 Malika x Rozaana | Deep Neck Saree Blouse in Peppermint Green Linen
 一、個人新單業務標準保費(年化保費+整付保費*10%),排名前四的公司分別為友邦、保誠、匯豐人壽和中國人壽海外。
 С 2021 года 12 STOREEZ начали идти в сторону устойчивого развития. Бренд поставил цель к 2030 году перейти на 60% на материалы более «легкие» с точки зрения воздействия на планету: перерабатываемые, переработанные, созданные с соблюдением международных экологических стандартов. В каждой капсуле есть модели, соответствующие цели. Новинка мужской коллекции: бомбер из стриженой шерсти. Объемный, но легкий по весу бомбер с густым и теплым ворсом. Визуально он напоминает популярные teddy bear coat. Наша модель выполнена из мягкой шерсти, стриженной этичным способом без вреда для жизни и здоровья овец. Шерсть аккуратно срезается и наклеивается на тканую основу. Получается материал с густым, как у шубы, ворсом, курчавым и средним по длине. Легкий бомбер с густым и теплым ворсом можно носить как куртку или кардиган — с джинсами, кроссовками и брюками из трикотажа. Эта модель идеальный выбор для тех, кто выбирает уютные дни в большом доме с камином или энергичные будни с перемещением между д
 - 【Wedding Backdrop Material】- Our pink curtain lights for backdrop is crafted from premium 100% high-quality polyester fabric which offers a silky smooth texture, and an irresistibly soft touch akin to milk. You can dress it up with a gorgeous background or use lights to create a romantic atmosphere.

------------------------------------

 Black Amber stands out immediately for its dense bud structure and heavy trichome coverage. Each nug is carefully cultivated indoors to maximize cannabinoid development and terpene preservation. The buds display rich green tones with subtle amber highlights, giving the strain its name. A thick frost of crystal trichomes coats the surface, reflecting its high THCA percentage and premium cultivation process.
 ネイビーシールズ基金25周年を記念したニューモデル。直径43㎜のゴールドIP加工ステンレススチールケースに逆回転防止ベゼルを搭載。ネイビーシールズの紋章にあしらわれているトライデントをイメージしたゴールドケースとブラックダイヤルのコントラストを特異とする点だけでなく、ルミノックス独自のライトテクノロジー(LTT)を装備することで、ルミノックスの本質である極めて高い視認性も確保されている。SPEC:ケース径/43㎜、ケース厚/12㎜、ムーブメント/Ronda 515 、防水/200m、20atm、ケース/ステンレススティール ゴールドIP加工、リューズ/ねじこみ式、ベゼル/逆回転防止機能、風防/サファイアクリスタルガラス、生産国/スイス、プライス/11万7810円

------------------------------------

What is needed
The total is all that is wanted here: please count the lines of the material that contain the word "high".

Response to this exercise
2